Article: Introduction to Data warehousing Flashcards
Decision Support System
A set of expandable, interactive IT techniques and tools designed for processing and analyzing data and for supporting managers in decision making. In practice the system provided value estimates for each alternative. Different forms of DSS: - Passive - Active - Collaborative - Model-driven - Etc.
Data warehouse
A collection of data that supports decision-making processes. A Data-warehouse is:
- Subject-oriented
- Integrated
- Consistent
- Shows evolution over time
- Not vollatile
IT systems can be divided into transactional (OLTP) and analytical (OLAP). The type of query required in data warehouses is OLAP.
Data warehousing architectures
- Single layer architecture
- Two-layer architecture (Primary DW or Corporate DW)
- Three-layer architecture
Single layer architecture
Not often used in practice. Goal is to minimize the amount of data stored by removing data redundancies. Composed of a source layer, data warehouse and analytics.
Two-layer architecture
Composed of a source layer, data staging, data warehouse (with meta-data and data marts), and analysis layer.
Three-layer architecture
The third layer is reconciled data layer (or operational data store). This materalizes operational data obtained after integrating and cleansing source data. Main advantage: creates a common reference data model for the whole enterprise. Simultaneously, it sharply separates the problems of source data extraction and integration from those of data warehouse population. However, reconciled data leads to more redundancy of operational source data. This architecture is composed of a source layer, data staging, reconciled layer, loading, DW layer and analysis.

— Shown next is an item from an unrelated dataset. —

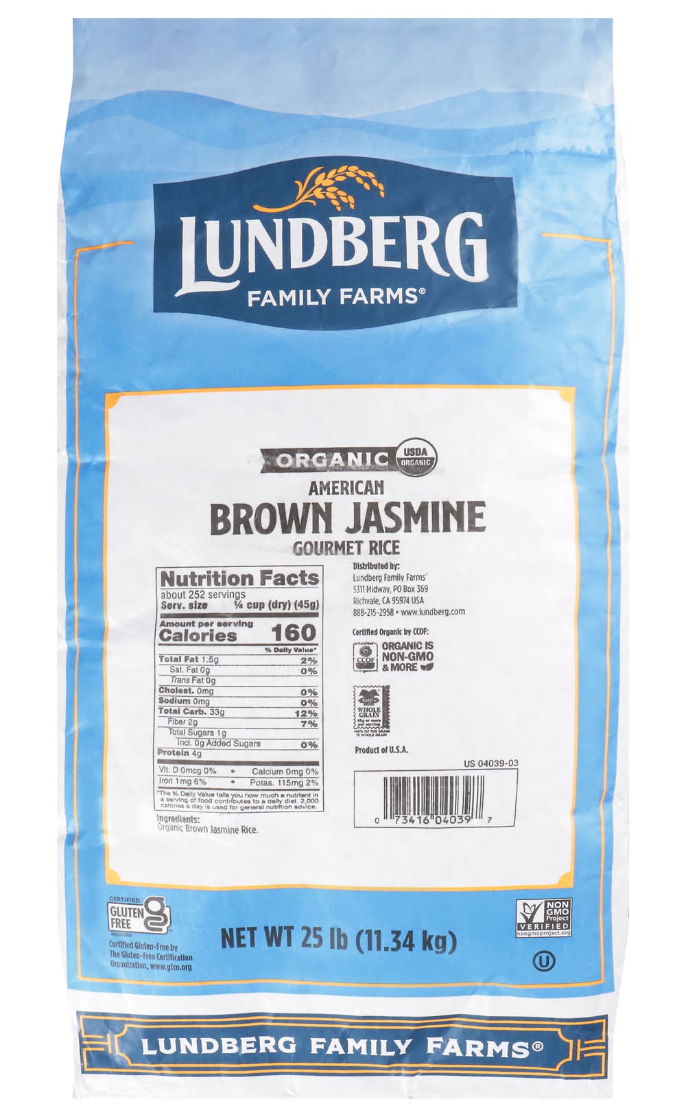 Lundberg Organic American Brown Jasmine Gourmet Rice (25 lbs)

Central architecture vs Federated architecture
- The amount of interdependent information exchanged between business units. When there is a lot of interdependent data, people tend to implement an Enterprise-wide architecture.
- Time available for the implementation. When there is little time, people tend to use a Federated architecture.

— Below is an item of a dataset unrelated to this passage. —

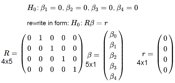Joint test of significance: no explanatory variable (except the intercept β0) has explanatory power:

- Minor role of data-warehouse played in enterprise strategies. When the role is small, people tend to choose independent data marts.
- The frequent need for integrating pre-existing data-warehouses can require a federated architecture type.
Extract, Transform, Load (ETL)
The ETL process takes place in the staging layer. Process takes place when a data-warehouse is populated for the first time, after that it occurs every time the data-warehouse is regularly updated. 4 different steps:
- Extract
- Cleanse - rectifying data values with rectification and homogenization.
- Transform - managing data formats.
- Load
Multi-dimensional modelling
This concept looks at the measures and dimensions of values of a ‘fact’, and is the basis for the OLAP cube. Measure is a value that is numeric and can be used for calculating. Dimension is associated with hierarchy of aggregation levels, such as date. Using these dimensions and measures, you can perform restrictions (selections) and aggregations.
Meta-data
Data to define other data. Can be classified in two categories:
- Internal meta-data
- External meta-data
Internal meta-data
The users that are interested in internal meta-data are system administrators, because it contains information about data sources, transformation processes, population policies, logical and physical schemata, constraints and user profiles.
External meta-data
The users that are interested in external meta-data are end-users.
After data-warehouse
- Reports
- OLAP
- Dashboards
Reports
A query and a layout -> a query generally implies a restriction and an aggregation of multidimensional data. Data-warehouses add value to reports, because they have one version of the truth (aggregated values are reliable and correct), and performance is improved by separating transaction processes and analysis.
OLAP
A way to explore and analyze the data in the data-warehouse by means of multi-dimensional modelling. The most common operators are roll-up, drill-down, slice-and-dice, pivot, drill-across and drill-through.